OptiX Prime performance issue using Windows

Dear OptiX development team,

I have started to evaluate OptiX Prime for one of our future projects. Since our clients require both, windows and linux support, it is very important to us to achieve comparable results on both platforms. Unfortunately, I am not able to obtain similar performance results when comparing the two operating systems.

Here some details on my OptiX Prime test case:

I am shooting 4.500.000 rays towards one of our meshes. I have set the origin and direction of all rays such that I have 100% intersections with the mesh.
For the evaluation, I compare the computation time for both, linux and windows platform.

The linux shooting is approximately 40% faster compared to windows.

What I found out so far:

  • Since our project will be based on instancing, we are using the instancing way with identity as transformation matrix for the test. When I switch my test case from instancing to a simple model, performance results are absolutely identical over different platforms.
  • Furthermore, when profiling with nvvp, it turns out that the instancing shooting, trace2() call, is where the 35% get lost, the non-instancing trace() call delivers similar performance for both, windows and linux.

Available cards are: GTX980 Ti, GTX970, GTX950, Tesla K40
OptiX versions tested: 3.9.1, 4.0.0
Driver version windows: 368.81
Driver version linux: 361.28

Looking forward to some hints to achieve similar performance in windows, when using the instancing capabilities of OptiX Prime.

Of course, I am happy to share more details on my test setup, if necessary.

Best,
Nico

Hello Nico,

A few clarifications:

  • Is this on Win10? If so, could you try the RS1 update and up-to-date driver (eg, Windows 10 Anniversary Update 64-bit, 372.54 ) and see if that helps?
  • So you see overall similar perf linux v. win when not using instancing?
  • Could you provide us with an API trace so we can test your results locally? Information below on capturing an api trace and sending to us. You can send the trace to optix-help@nvidia.com

Thanks,
Keith

===============================================================================================
An OptiX API Capture (OAC) trace contains all OptiX and OptiX Prime API calls made by the application, across the whole run of the application, together with their input data and return values. Traces are most often used for sending bug reproducers to Nvidia, but can also be used to make application benchmarks and for developers to analyze and debug their applications.

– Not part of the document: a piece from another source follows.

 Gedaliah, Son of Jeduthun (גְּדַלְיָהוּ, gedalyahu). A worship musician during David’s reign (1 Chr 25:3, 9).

To create a trace, set the environment variable OPTIX_API_CAPTURE to 1 and run the application. A directory called oac00000 will be created within the current working directory. If that directory already exists, the number will be incremented to avoid overwriting an existing trace.

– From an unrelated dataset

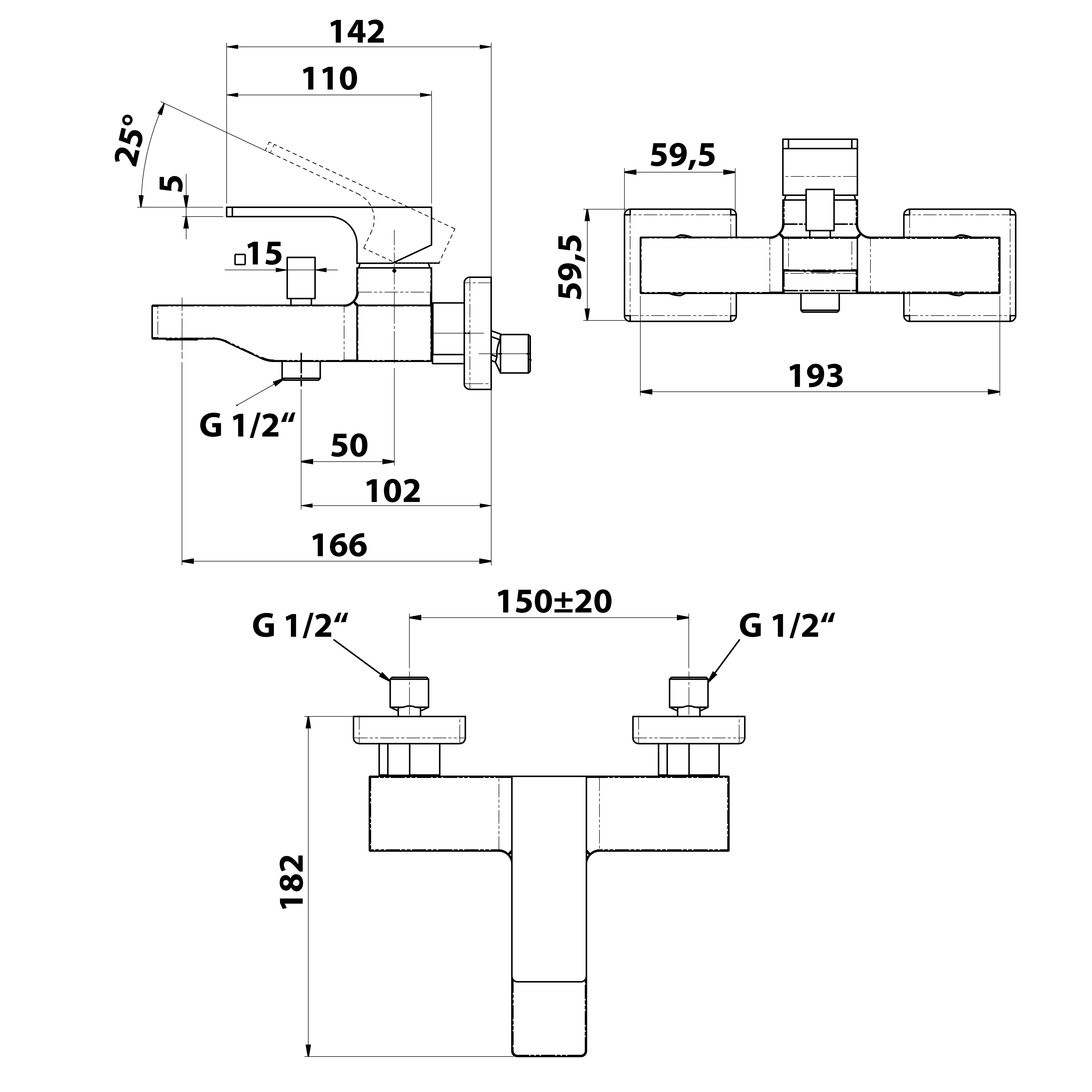 FT010 FORATA fali kádtöltő csaptelep, króm

Zip the trace directory and send it to Nvidia. We can only receive 10MB files by email, and the extension must be renamed to not be .zip. For larger files, use a file sharing service. We recommend contacting us and we will set up a temporary upload location.

When sending a trace to Nvidia, please put some effort into keeping it small. If the trace is for debugging, use the smallest effective dataset and shortest number of frames necessary to reproduce the bug. If the trace is to become an OptiX benchmark, the dataset will be larger, but be very precise in the number of frames recorded.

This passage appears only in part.